◆ TO DO ◆
The entries below contain a line with "The top lever" and a line with "AOFOTO 7x5ft Chemistry". Quote exactly those two lines and all lines between them.

[Records excerpted from a collection]
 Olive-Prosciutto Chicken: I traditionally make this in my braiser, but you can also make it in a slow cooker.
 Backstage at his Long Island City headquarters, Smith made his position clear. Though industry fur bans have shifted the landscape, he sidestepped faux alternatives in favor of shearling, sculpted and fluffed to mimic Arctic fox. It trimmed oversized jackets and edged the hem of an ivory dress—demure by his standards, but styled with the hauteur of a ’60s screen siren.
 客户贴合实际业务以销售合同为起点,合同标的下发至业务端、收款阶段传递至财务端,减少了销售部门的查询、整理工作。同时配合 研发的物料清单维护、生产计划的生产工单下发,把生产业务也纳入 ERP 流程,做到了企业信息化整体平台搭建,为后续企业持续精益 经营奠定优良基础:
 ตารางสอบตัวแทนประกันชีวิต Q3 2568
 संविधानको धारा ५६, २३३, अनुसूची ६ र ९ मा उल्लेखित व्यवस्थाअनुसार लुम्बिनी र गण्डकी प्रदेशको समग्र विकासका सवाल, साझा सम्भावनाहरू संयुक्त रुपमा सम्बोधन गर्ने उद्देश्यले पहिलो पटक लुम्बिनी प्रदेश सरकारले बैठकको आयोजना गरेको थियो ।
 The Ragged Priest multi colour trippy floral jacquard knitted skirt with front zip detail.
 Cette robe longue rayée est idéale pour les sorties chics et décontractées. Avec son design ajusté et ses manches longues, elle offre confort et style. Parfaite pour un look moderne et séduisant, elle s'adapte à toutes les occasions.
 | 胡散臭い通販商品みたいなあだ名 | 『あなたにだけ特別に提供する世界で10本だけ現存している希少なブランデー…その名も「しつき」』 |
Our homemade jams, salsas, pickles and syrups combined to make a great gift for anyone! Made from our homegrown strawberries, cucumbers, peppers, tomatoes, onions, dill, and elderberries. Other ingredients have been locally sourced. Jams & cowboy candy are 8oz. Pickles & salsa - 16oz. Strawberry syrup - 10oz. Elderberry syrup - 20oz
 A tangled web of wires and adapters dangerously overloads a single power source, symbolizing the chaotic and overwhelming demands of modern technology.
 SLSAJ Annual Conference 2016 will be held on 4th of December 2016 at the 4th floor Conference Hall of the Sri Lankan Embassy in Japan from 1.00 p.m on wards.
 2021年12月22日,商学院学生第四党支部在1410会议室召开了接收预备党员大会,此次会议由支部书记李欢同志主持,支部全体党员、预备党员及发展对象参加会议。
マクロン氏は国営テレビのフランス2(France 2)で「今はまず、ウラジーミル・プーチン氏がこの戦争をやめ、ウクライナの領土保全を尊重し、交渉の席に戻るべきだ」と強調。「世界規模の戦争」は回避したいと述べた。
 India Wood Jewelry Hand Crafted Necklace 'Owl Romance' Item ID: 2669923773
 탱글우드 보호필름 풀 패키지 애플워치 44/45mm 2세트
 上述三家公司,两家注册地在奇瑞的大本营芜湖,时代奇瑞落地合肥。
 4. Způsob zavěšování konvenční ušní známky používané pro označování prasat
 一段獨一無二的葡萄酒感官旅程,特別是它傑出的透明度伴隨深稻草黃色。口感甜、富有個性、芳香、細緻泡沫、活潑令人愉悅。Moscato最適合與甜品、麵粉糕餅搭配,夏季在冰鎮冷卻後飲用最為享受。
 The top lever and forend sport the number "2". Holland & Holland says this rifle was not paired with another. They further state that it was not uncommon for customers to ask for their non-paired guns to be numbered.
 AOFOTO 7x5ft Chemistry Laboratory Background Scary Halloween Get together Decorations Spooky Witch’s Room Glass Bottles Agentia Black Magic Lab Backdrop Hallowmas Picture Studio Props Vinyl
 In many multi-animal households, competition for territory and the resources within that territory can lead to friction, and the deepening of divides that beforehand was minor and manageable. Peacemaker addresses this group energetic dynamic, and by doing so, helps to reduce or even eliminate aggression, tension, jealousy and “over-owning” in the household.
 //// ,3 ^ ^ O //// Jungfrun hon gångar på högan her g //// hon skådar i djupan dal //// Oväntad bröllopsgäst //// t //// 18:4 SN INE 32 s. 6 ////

◆ PROBLEM SOLUTION ◆
 The top lever and forend sport the number "2". Holland & Holland says this rifle was not paired with another. They further state that it was not uncommon for customers to ask for their non-paired guns to be numbered.
 AOFOTO 7x5ft Chemistry Laboratory Background Scary Halloween Get together Decorations Spooky Witch’s Room Glass Bottles Agentia Black Magic Lab Backdrop Hallowmas Picture Studio Props Vinyl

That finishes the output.